Canicule : les maires en première ligne

Nathalie Appéré est bien obligée de se rendre à l’évidence : « On pensait que l’on aurait le climat toulousain à l’horizon 2030-2035, explique la maire (Parti socialiste, PS) de Rennes. Or, nous y sommes déjà. Et dans cinq à dix ans, c’est plutôt celui du centre Portugal que nous aurons… » Depuis le début de la semaine, une canicule précoce frappe l’ouest du pays, et singulièrement la Bretagne, peu habituée à une telle fournaise.

D’un bout à l’autre de la France, les maires sont aux avant-postes. A Paris, Emmanuel Grégoire (PS), nouvellement élu, a multiplié les déplacements sur le terrain les 27 et 28 mai pour se montrer à la tâche et à l’écoute des trois publics particulièrement vulnérables aux fortes chaleurs : les personnes âgées, les enfants et les sans-abri.

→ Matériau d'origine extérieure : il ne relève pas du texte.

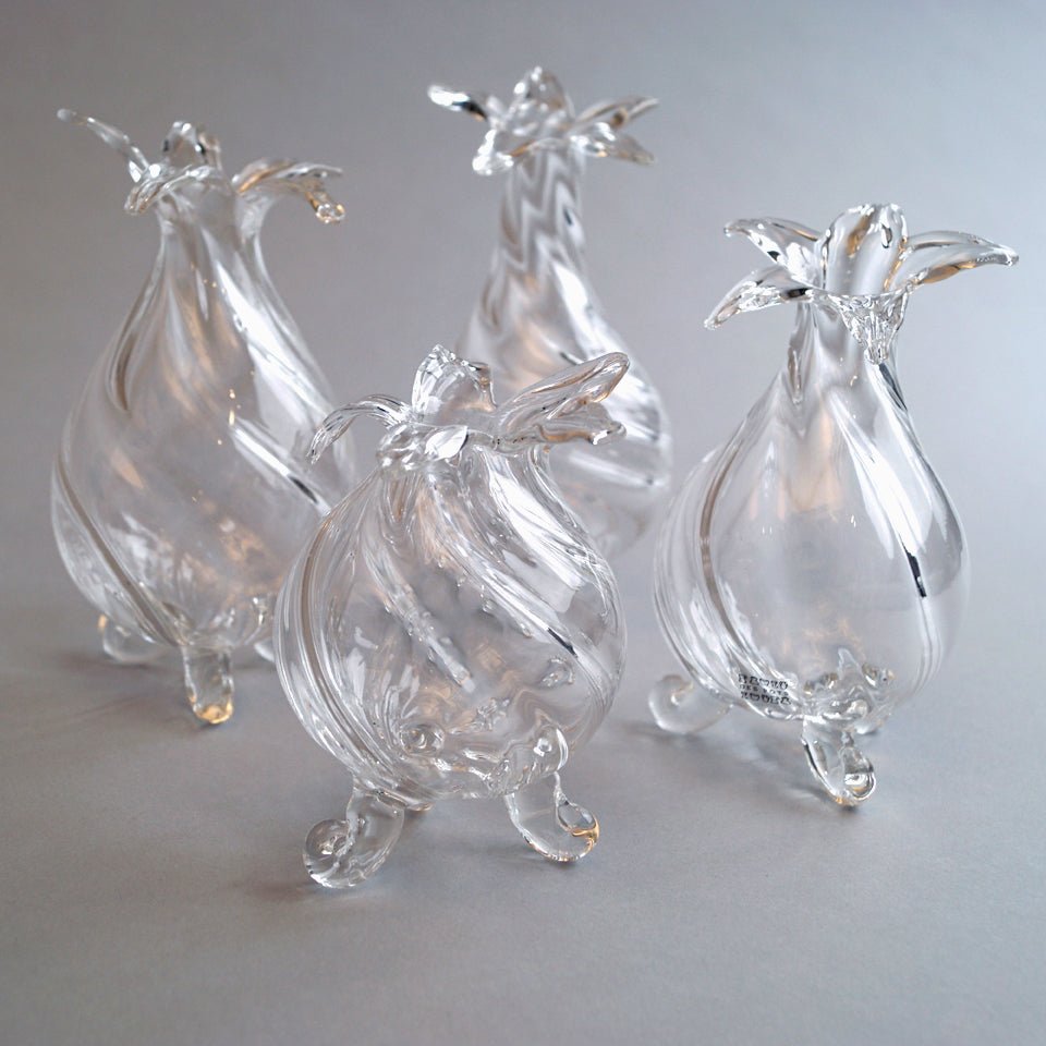 Deze gedraaide glazen Padua bloemenvaasjes op hun sierlijke pootjes lijken met elkaar te dansen, de gedraaide vorm van het glas suggereert beweging. Wanneer u er bloemen in zet zullen ze worden meegenomen in deze levendige dans. Een klein prijsje, een dankbaar cadeau. Afname per set.
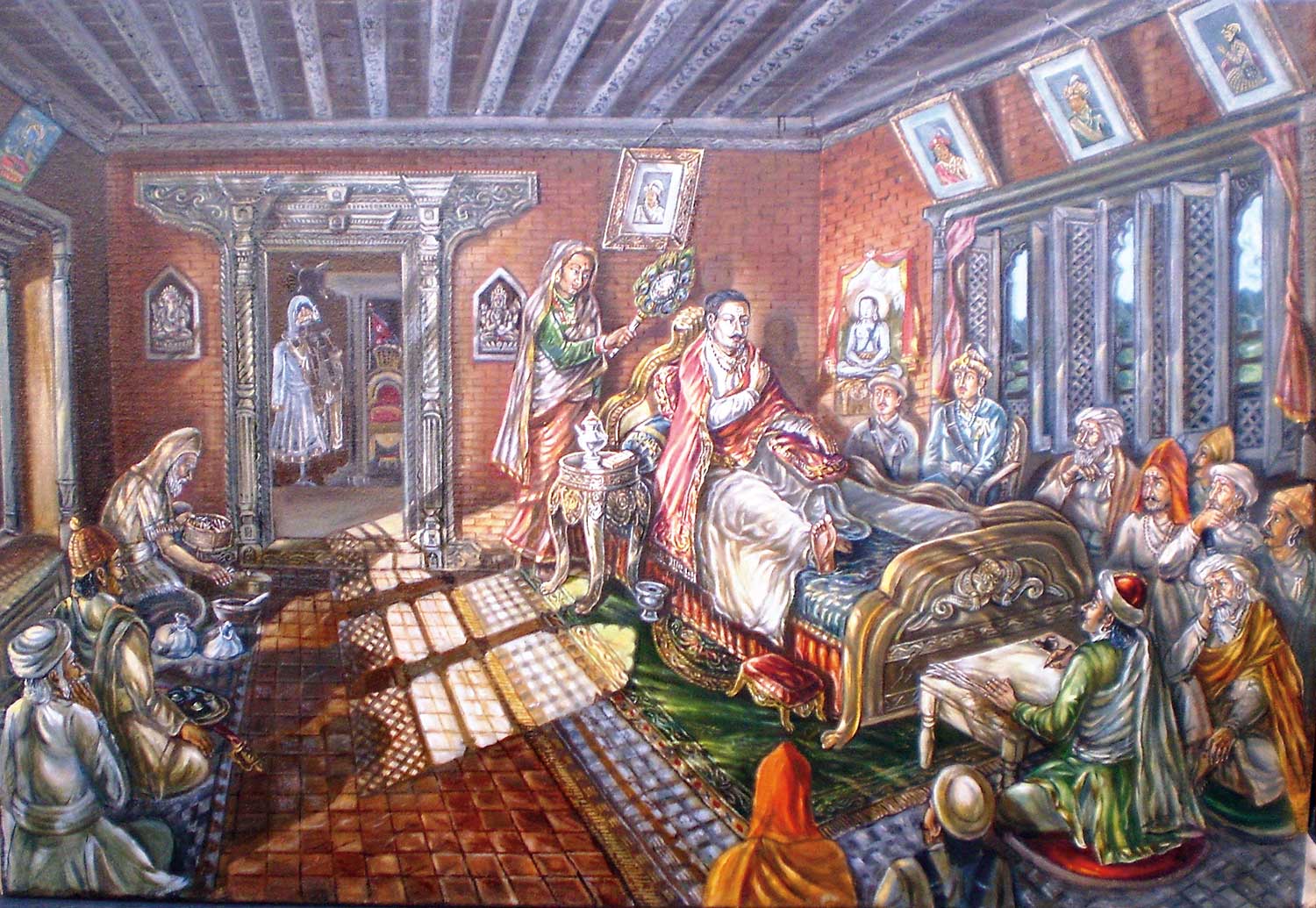 When we look deeper into the paintings of Sharma, what we notice are symmetrical, yet complex compositions. Symmetrical because it is easy to divide the compositions into mostly vertical halves and complex because the artist takes special care not to omit any props that are required to complete the historical context. For example in the painting of the Dibya Upadesh of Prithivi Narayan Shah, when the king is advising his courtiers about polity, small details in the interior of the palace are carefully thought of; the play of light and shade, the props and people that surround the king, including the view of the hills outside the window, dramatize the event, which in fact is a very significant one in our history.

Le successeur d’Anne Hidalgo s’est rendu dans l’un des quinze établissements hospitaliers pour personnes âgées dépendantes (Ehpad) gérés par la ville. « Bonjour, il y a quelqu’un ? C’est le maire de la ville » : vingt minutes de vélo plus tard, le voilà en train de faire le tour des campements de fortune du boulevard Bourdon, dans le 4e, pour accompagner la maraude quotidienne de l’unité d’assistance aux sans-abri venue distribuer des gourdes en métal pleines.